The Issue Should the certificate of registration of Petitioner, Professional Pain Management, Inc., License No. PMC 296, as a privately-owned pain management clinic, be revoked?

Findings Of Fact Petitioner, Professional Pain Management, Inc., License No. 296, is a pain management clinic (PMC) subject to the requirements of sections 458.3265 and 459.0137, Florida Statutes (2010).1/ PMC 296 is not wholly-owned by medical doctors (M.D.s), osteopathic physicians (D.O.s), or a combination of M.D.s and D.O.s. PMC 296 is not a health care clinic licensed under chapter 400, part X, Florida Statutes. PMC 296 has three equity shareholders. Their names and percentages of ownership interests are: Robert Ciceles (20 percent); Terra Hom (40 percent), and Erez Cohen (40 percent).
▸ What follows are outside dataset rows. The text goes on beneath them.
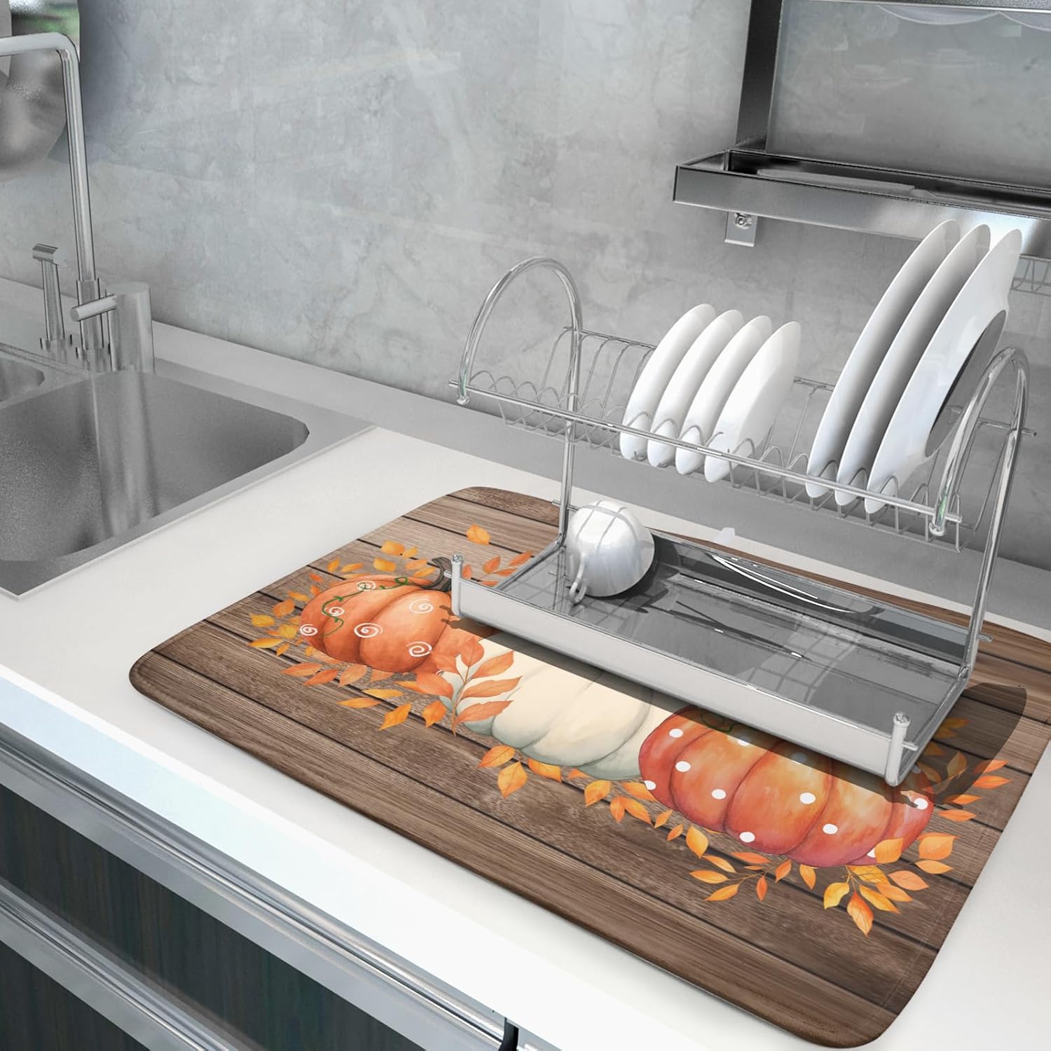 Autumn Pumpkin Dish Drying Mat Rustic Wood Dish Drainer Mats Fast Dry Microfiber Reversible Dish Drying Pad Kitchen Decoration 18x24 inch
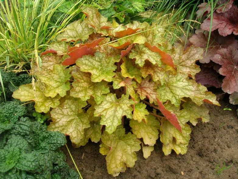 Рассада гейхеры Джинджер Але (Ginger Ale) отличается от других сортов необычной кремово-рыжей окраской, которая меняется на протяжении всего сезона. Молодые листья имеют оранжевый оттенок, который со временем темнеет, а на поверхности проступают темные прожилки. Рассада гейхеры Джинджер Але (Ginger Ale) незаменима при создании смешанных композиций, украшении миксбордеров и альпийских горок. Особенно эффектно смотрится во время цветения, когда появляются светлые желто-розовые цветочки. Этот многолетник неприхотлив, не боится болезней, не привлекает вредителей и не нуждается в укрытии на зиму.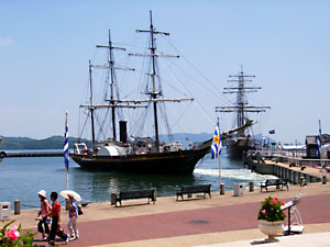 | 「パレス・ハウステンボス」の後は海沿いに歩く。途中の施設内のホテルのレストランでランチ・メニューのスパゲッティを食べたが観光地料金としても高すぎる。但し味はまあまあ。レストランの前はハーバーで、観光遊覧船が停泊中。長崎までのフェリーもあるらしい。場内は8月の日曜日だというのに、どっちかというとガラガラの様子。どんなアトラクションも並ばずにすぐに見ることができる。 |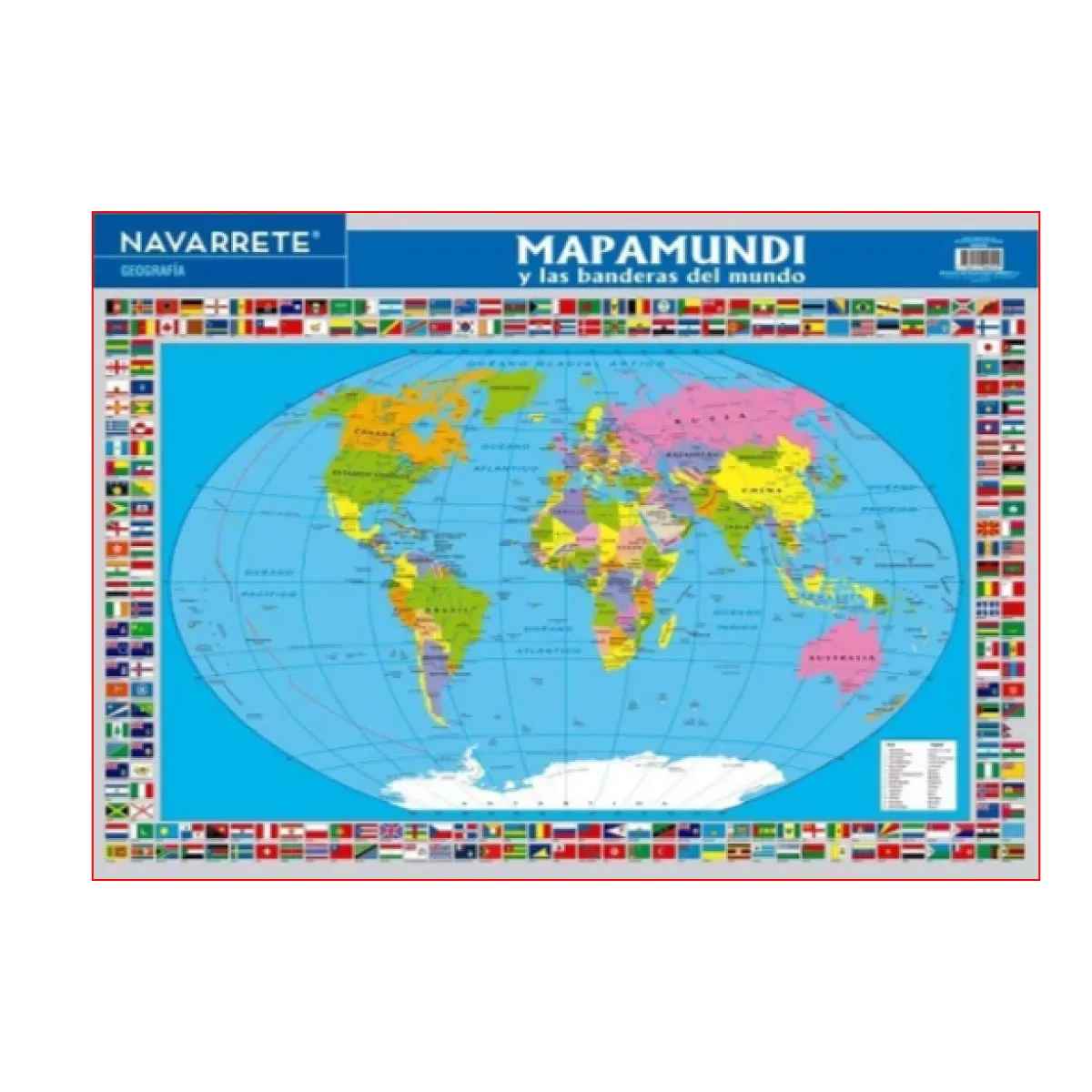 Lámina mural 50 x 70 cm Mapamundi y las Banderas del mundo

None of the three equity shareholders is a physician, M.D. or D.O. Erez Cohen is, and at all pertinent times, has been president of PMC 296. He is not an M.D. or a D.O. Since at least August 2010, the owners and officers of PMC 296 were aware of the requirement that it be wholly physician-owned, effective October 1, 2010. PMC 296 was, at all times pertinent to this proceeding, not wholly-owned by physicians, M.D.s, D.O.s, or a combination of M.D.s and D.O.s. A dispute among the shareholders arising out of a dissolution of marriage proceeding has prevented PMC 296 from establishing ownership by a M.D., a D.O. or a combination of M.D.s and D.O.s. Management of PMC 296 plans to transfer ownership to physicians at an unspecified future date once the shareholder dispute is resolved. There was no evidence of any exemption from the operation of sections 458.3265 and 459.0137 presented at the hearing.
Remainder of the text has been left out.